Inhibin A measurement is mainly used as an adjunctive test in the diagnosis of ovarian tumors when used in combination with Inhibin B and in the monitoring of these patients.
Originally, Inhibin was the name given to a component of serum found to inhibit the secretion of follicular hormone (FSH) from the pituitary gland. In recent years, protein inhibins have been characterized and specific immunological tests have been developed for both Inhibin A and Inhibin B. These hormones are members of the TGF-β (Transforming Growth Factor β) family. Structurally, they consist of dimers of two dissimilar protein subunits. Subunit a is common in both inhibins. In women, inhibin A is largely produced by the dominant follicle / pale body. Normally men do not produce measurable levels of inhibin A.
In young girls, concentrations of inhibin A increase as adolescence progresses. Therefore, measuring inhibin A may help determine gonad maturation and diagnose early puberty in girls. When women reach reproductive age, inhibin A levels change during the menstrual cycle. Inhibin A levels increase during the follicular phase reaching a peak during the luteal phase, with an intermediate peak in ovulation. In the initial phase of menopause, circulating inhibin levels begin to decline and reach postmenopausal women at low rates.
During pregnancy, the fetal unit produces relatively large amounts of inhibin A. Evaluation of inhibin A concentration in relation to fetal gestational age is applied in prenatal screening for Down syndrome and in the prediction of preeclampsia.
Patients with certain ovarian tumors have elevated serum levels of inhibin A or inhibin B. In these patients, inhibin A levels may be increased 6 to 7 times above the reference value.
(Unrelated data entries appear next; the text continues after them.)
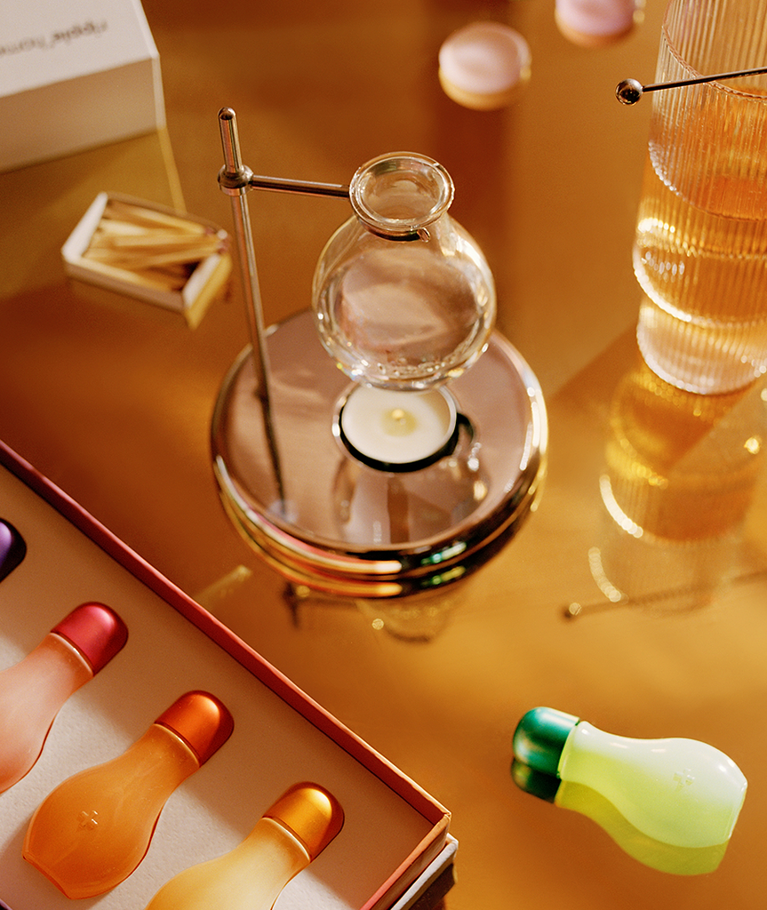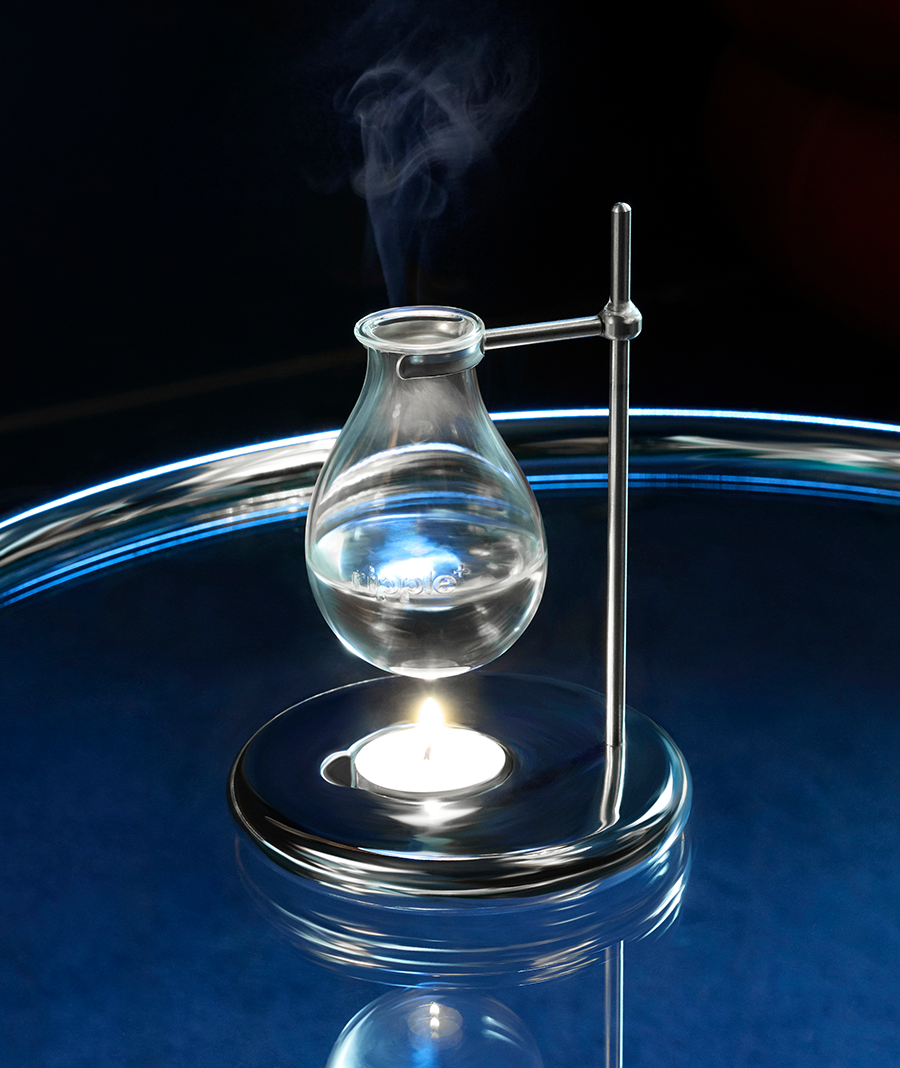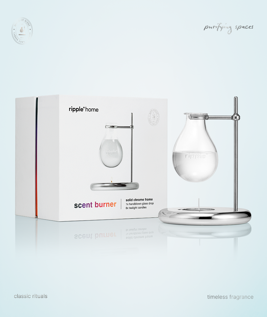 The scent burner is our latest take on modern aromatherapy, combining design and function. Designed to add a touch of character with a unique, yet simple design, this sculptural set features a handblown glass vessel, 1 soild chrome frame and 8 tealight candles. The scent burner uses heat from the tealight candles to gently release fragrance for a smooth & balanced diffusion. Pair it with our scented drops for the full therapeutic ripple⁺ home experience (drops sold seperately)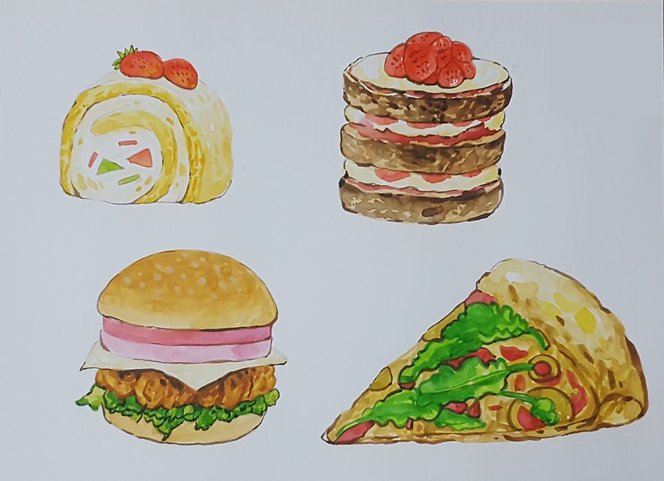 음식 디저트 보고 그려봤어요.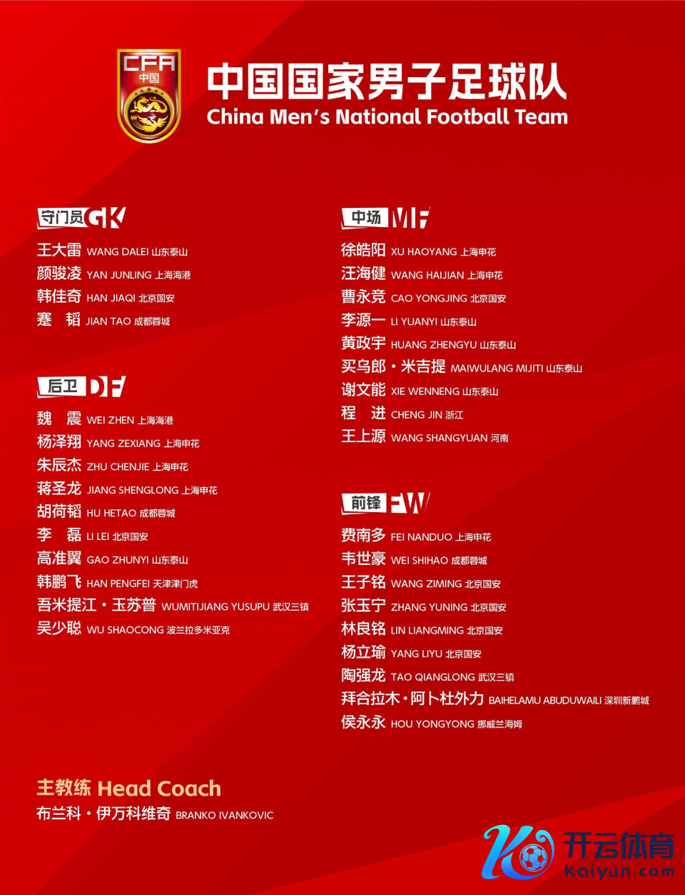 附:国足32东说念主集训名单门将:王大雷、颜骏凌、韩佳奇、蹇韬后卫:魏震、杨泽翔、朱辰杰、蒋圣龙、胡荷韬、李磊、高准翼、韩鹏飞、吾米提江、中场:徐皓阳、汪海健、曹永竞、李源一、黄政宇、买乌郎、谢文能、程进、王上源前卫:费南多、韦世豪、王子铭、张玉宁、林良铭、、陶强龙、拜合拉木、侯永永

Inhibin measurement is a complement to cancer antigen 125 (CA 125) as an indicator of ovarian cancer. The majority of studies for inhibin A and B as markers of ovarian cancer are limited to postmenopausal women, where levels for both proteins are usually very low. Measurement of inhibin A has limited utility as an indicator of ovarian cancer in pre-menopausal women, with circulating levels being higher throughout the menstrual cycle and therefore difficult to interpret.
Laboratory test results are the most important parameter for the diagnosis and monitoring of all pathological conditions. 70%-80% of diagnostic decisions are based on laboratory tests. Correct interpretation of laboratory results allows a doctor to distinguish "healthy" from "diseased".
Laboratory test results should not be interpreted from the numerical result of a single analysis. Test results should be interpreted in relation to each individual case and family history, clinical findings and the results of other laboratory tests and information. Your personal physician should explain the importance of your test results.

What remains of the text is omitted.